You may want to create your own pipe processor for any text file (for instance log file)
The main idea is based on *nix pipes - each processed line from file may be processed with several workers.
An built-in example demonstrates the login: We have a CSV like text file with 3 fields in each row, middle field should be multiplied by 10. File is not strongly follow the description above: some rows are empty, some do not contain exact 3 field, etc. Our pipes are connected in order to reach the goal: multiply middle field to 10. In order to achieve that we have to:
- read file line by line
- skip line with comments
- verify line is CSV with 3 fields
- parse line as CSV and select middle field
- trim field
- make sure field can be converted to a number
- convert field into number
- multiple field to 10
- output the result
Looks not to simple?
Lets take a look at second rule (skip comment line) You may reach this by writing something like
lineReader.addToPipeline(new Pipeline<String, String>("Skip comments", String.class, String.class) {
@Override
public boolean isAllowed(String line) {
return !line.trim().startsWith("#");
}
});
This rule says to pass only the line to next if it meets the rule (it does not start with '#' character). We skip processing rule here because it does nothing interesting here (it takes a line and returns it without any transformation) It might look as
public String process(String line) {return line;}
Next our step is to parse line from CSV format.
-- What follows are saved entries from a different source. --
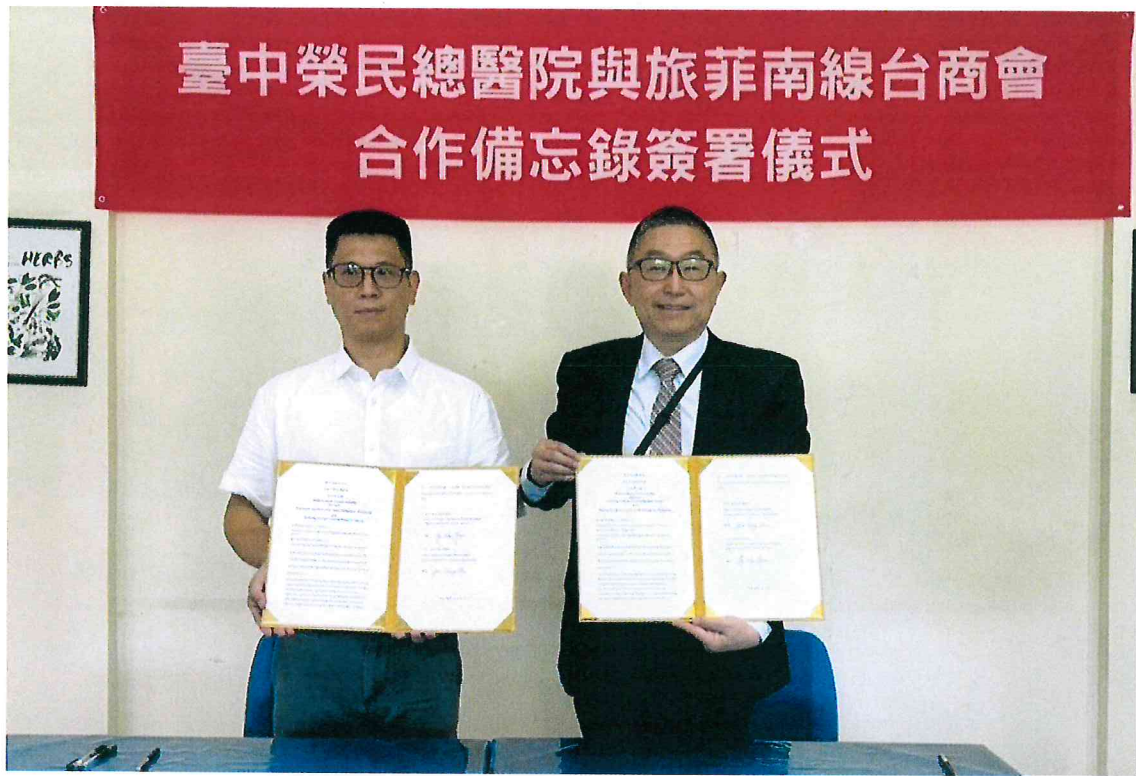
114年4月12日於旅菲南線台商會簽署合作備忘錄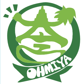
大宮地域のシンボルマーク

スローガン 地域の歴史や文化と豊かな自然を大切にする 元気でやさしいまち『大宮』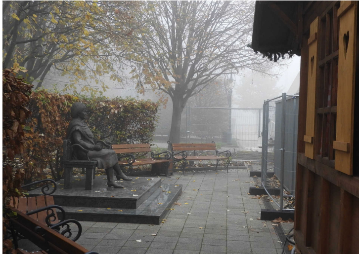
2019: Szabó Magda és a hütte hátulja

Amikor elsődleges szempont a biznysz, akkor egyszerűen eltakarják, elbarikádozzák Szabó Magda főtéri szobrát. 2019-ben egy hüttét építettek közvetlenül elé , 2020-ban pedig egy kolbászsütő bódéja került Szabó Magda szobra elé, egyenesen a moslétkos hordókra tekintett .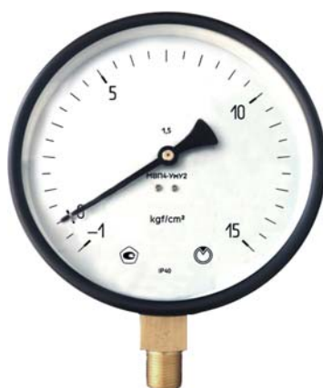
Рисунок 1 - Общий вид приборов

Общий вид приборов приведен на рисунке 1. Схема обозначения мест пломбировки от несанкционированного доступа и нанесения знака поверки приведена на рисунке 2.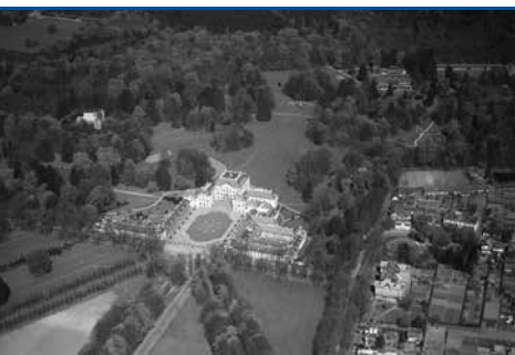
Luchtfoto van de omgeving van Paleis Het Loo, circa 1930.

lineReader.addToPipeline(new Pipeline<>("Parse as CSV", String.class, String[].class, new PropertiesFileConfiguration()) {
@Override
public String[] process(String line) {
return CsvUtil.csvLineParser(line);
}
});
That rule says to take a line and parse it as CSV line. If it cannot be parsed - next pipe will not be executed. The result of operation here is not the line itself - it's array of fields (you may see that in third argument of pipeline's constructor). We skip the isAllowed method because we do not need here any conditional rules to skip the line. Though it might nbe shown like
public boolean isAllowed(String line) {
return line.contains(",") || line.contains(";");
}
Our next steps look similar to these.
The more processing rule we have, the more operations we do.
Besides that the program shows some statistics here - position if file, how many chars are processed and status of each line
Have a fun!